Work request.
Although the entries contain pictures, your copy should hold only their exact text.

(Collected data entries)
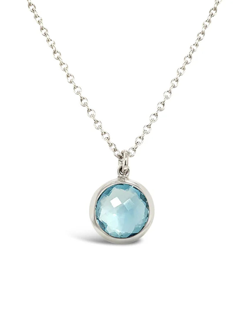 Sterling silver bezel set blue topaz pendant with adjustable chain with lobster clasp.
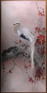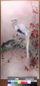 DescriptionWhite peacock seated on a branch with autumn foliage.Status
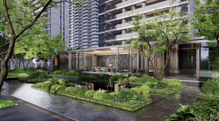 例如越秀·天悦江湾,就在城市空间之上,主动进行景观的打造提升,与城市滨水绿道相呼应,形成更好的城市景观界面,将社区包裹在绿意之中。
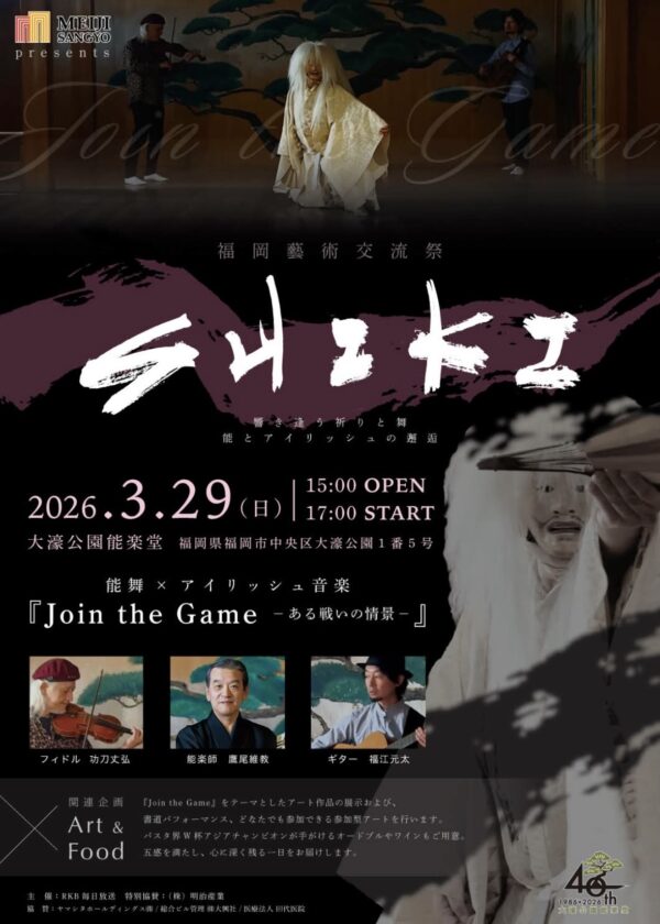 アイリッシュ音楽と能舞の公演。記念すべき20回目として地元福岡の大濠公園能楽堂において、アートや書画、グルメやワインなども同時展開するカルチャー融合イベントとして開催いたします! これまで福岡をはじめ…
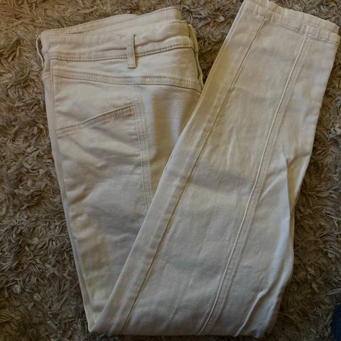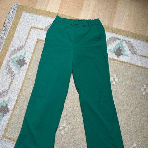 Lindex bukser i grønn farge, dame størrelse 42. Laget av et komfortabelt materiale, egnet for hverdagsbruk. Buksen har lommer bak og en avslappet passform.
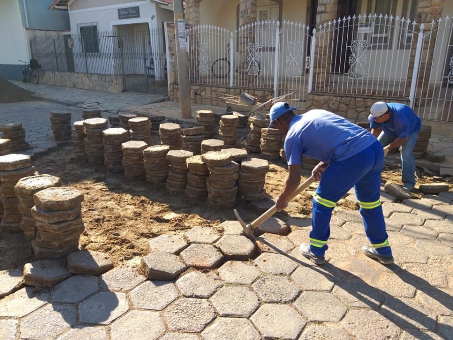 Troca de bloquetes quebrados nas ruas de Santa Rita

Worked solution.
 Sterling silver bezel set blue topaz pendant with adjustable chain with lobster clasp.
 DescriptionWhite peacock seated on a branch with autumn foliage.Status
 例如越秀·天悦江湾,就在城市空间之上,主动进行景观的打造提升,与城市滨水绿道相呼应,形成更好的城市景观界面,将社区包裹在绿意之中。
 アイリッシュ音楽と能舞の公演。記念すべき20回目として地元福岡の大濠公園能楽堂において、アートや書画、グルメやワインなども同時展開するカルチャー融合イベントとして開催いたします! これまで福岡をはじめ…
 Lindex bukser i grønn farge, dame størrelse 42. Laget av et komfortabelt materiale, egnet for hverdagsbruk. Buksen har lommer bak og en avslappet passform.
 Troca de bloquetes quebrados nas ruas de Santa Rita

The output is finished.